Selimoviç in parçalı Yugoslavya’da edebiyatçı kişiliği de Suat Engüllü’ye göre, bir ihanet çizgisi izler: “…o yıllarda galeyana gelen, her
türlü firsatı akıllıca değerlendiren, elindeki bütün imkânları devreye sokan Sırp milliyetçiliği lobisinin sistematik gayretleri üstün gelmiş, bunun sonucu olarak da Meşa Selimoviç, Saraybosna’yı terk edip Belgrad’a yerleşmesinden bir süre önce yayımlanan Predrag Palavestra’nın Savaş Sonrası Sırp Edebiyatı kitabına Sırp yazarı olarak dahil edilmesi nedeniyle, 12 Haziran 1973 tarihli Politika Gazetesinde yayımlanan bir yazıda olduğu gibi, 3 Kasım 1976 tarihinde Sırp ve Bilim Akademisi’ne gönderdiği mektupta da “Bosnalı, Müslüman bir aileden geldiğini” belirtmekle birlikte, “Sırp ulusuna ve Sırp edebiyatına mensup olduğunu” vurgulamış, geçen yüzyılın 60’lı yıllarında Boşnaklığını reddedip Sırplığı ya da Hırvatlığı benimseyen birçok Boşnak aydın ve yazar gibi, asıl mensubu olduğu Boşnak ulusuna da, Boşnak edebiyatına da sırt çevirip ihanet etmiştir.” (Kale, s.499)

Derviş ve Ölüm’ün yazarı Meşa Selimoviç, kitabı için şunları söyledi: “Bu, her şeyden önce felsefi ve psikolojik bir romandır.
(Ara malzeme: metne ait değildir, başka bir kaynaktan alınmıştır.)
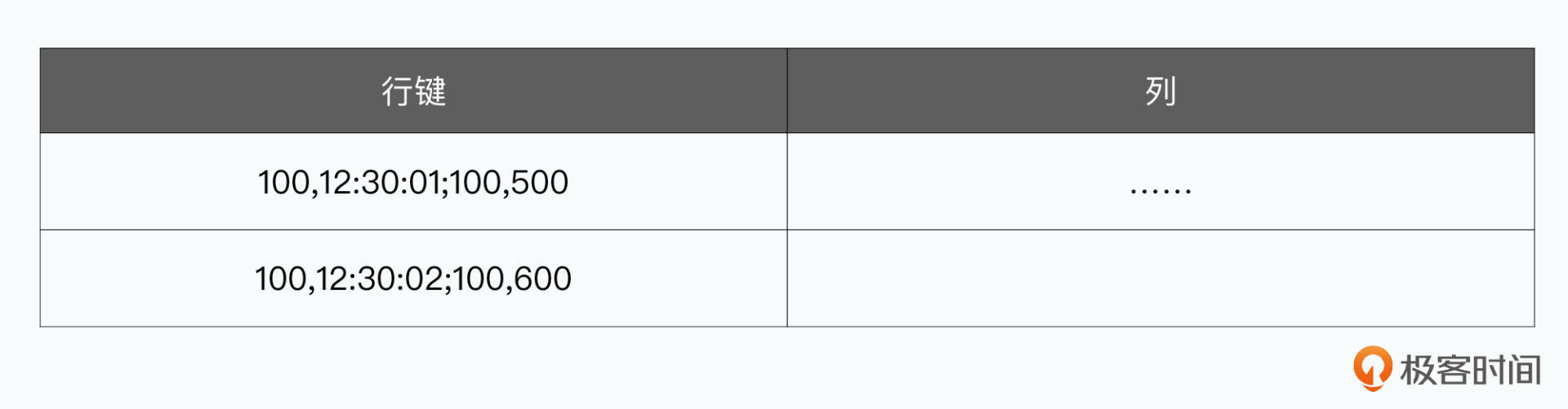 在前面的[第9讲]解读Bigtable这篇论文的时候,我们说过在Bigtable里,数据是按照行键分区的,实际的数据存储,也是按照行键连续存储的。并且,当我们用一个行键去Bigtable里面查询数据的话,Bigtable会有Block Cache,也就是把底层的SSTable的整个Block都获取回来。而这个里面,其实就会包含当前行键前后连续行键所包含的数据。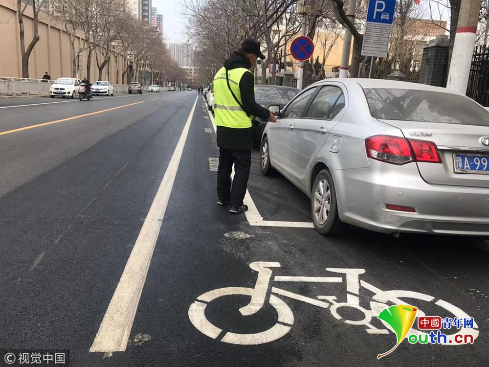 現(xiàn)場(chǎng),文化宮路與友愛(ài)路口附近,新鋪好的路面被劃上了嶄新的行車線和停車位標(biāo)線。從文化宮路和友愛(ài)路交叉口向北,道路東側(cè)的非機(jī)動(dòng)車道被停車位占去后,僅剩下0.8米左右的寬度。同樣在路口南側(cè),道路西側(cè)的非機(jī)動(dòng)車道也被新劃的停車位占去,僅剩不足1米的寬度。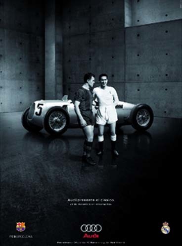 Como no podía ser de otra forma, siendo coche oficial de ambos equipos, Audi ha querido apuntarse al gran clásico del fútbol español que se disputará en unas horas en el estadio del FC Barcelona. En muchos de los diarios de hoy ha aparecido un anuncio a página completa en el que Audi, textualmente, “presenta el clásico”. La verdad es que ese cartel rememorando las viejas glorias tanto de Barça, Madrid, como de la propia Audi, me ha encantado, y es por eso que he creído oportuno compartirlo con vosotros. Después en el campo ya vendrán los malos rollos…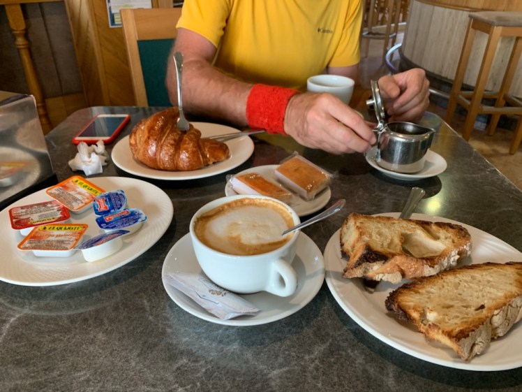 Al termine di un lungo rettilineo di cui non si vede la fine, a causa della nebbia, appare improvvisamente un bar sulla nostra destra, dall’altra parte della strada. Lì per lì non capiamo se è aperto, ma poi sentiamo delle voci provenire dall’interno. Attraversiamo la strada ed entriamo. Finalmente colazione!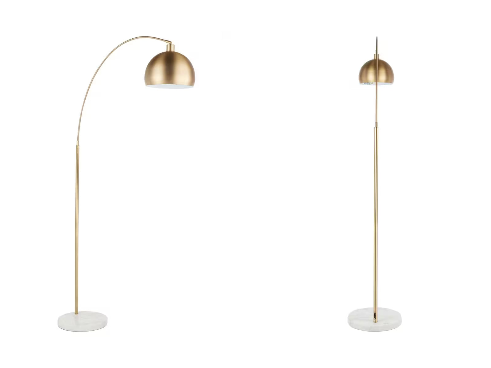 This elegant, contemporary floor lamp by Arteco Floor Lamp White Marble Base Design features the light on an arched arm, perfect for placement behind a sofa or sectional. Metal shade and column in gold finish with white marble base. Lovely for a modern or eclectic decor.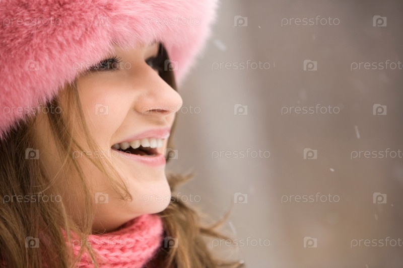 Близкий план счастливой женщины в модной меховой шапке, смеющейся во время снегопада

Dürüst bir kişiliğe sahip olmasına rağmen, Derviş’in düşünce tarzı dogmatik, belli kalıpların dışına çıkmayan bir düşünce tarzıdır; oysa hayat ona tuzaklar kurmakta, onun sözde sarsılmaz düşünce tarzının ve dünya karşısında takındığı tavrın zırhını paramparça etmektedir. Yazarken beni özellikle ilgilendiren dildi; dilin kendi içinde gizlediği, etkileyici psikolojik durumların ifade edilebilmesini sağlayan olanaklardı…”

Doğan Hızlan şöyle diyecekti: “Türkiye ile Yugoslavya arasındaki edebi hat gittikçe pekişiyordu. Ivo Andriç’in eserlerinin çevirisini, başka yazarların dilimizde görünmesi izledi. Meşa Selimoviç’in Derviş ve Ölüm’ü çok beğenildi.” (Hürriyet, 29 Mart 1999) Roman yönetmen Alberto Rondalli tarafindan kendi yazdığı senaryoyla filme çekildi, 2002’de Türkiye’de de gösterildi.

Türkçede de Yayımlanan Başlıca Eserleri

Derviş ve Ölüm (Mahmut Kıratlı, 1973),
Kale (Suat Engüllü, 2001)

11 Temmuz 1982’de de Belgrad’da yaşama gözlerini yumdu.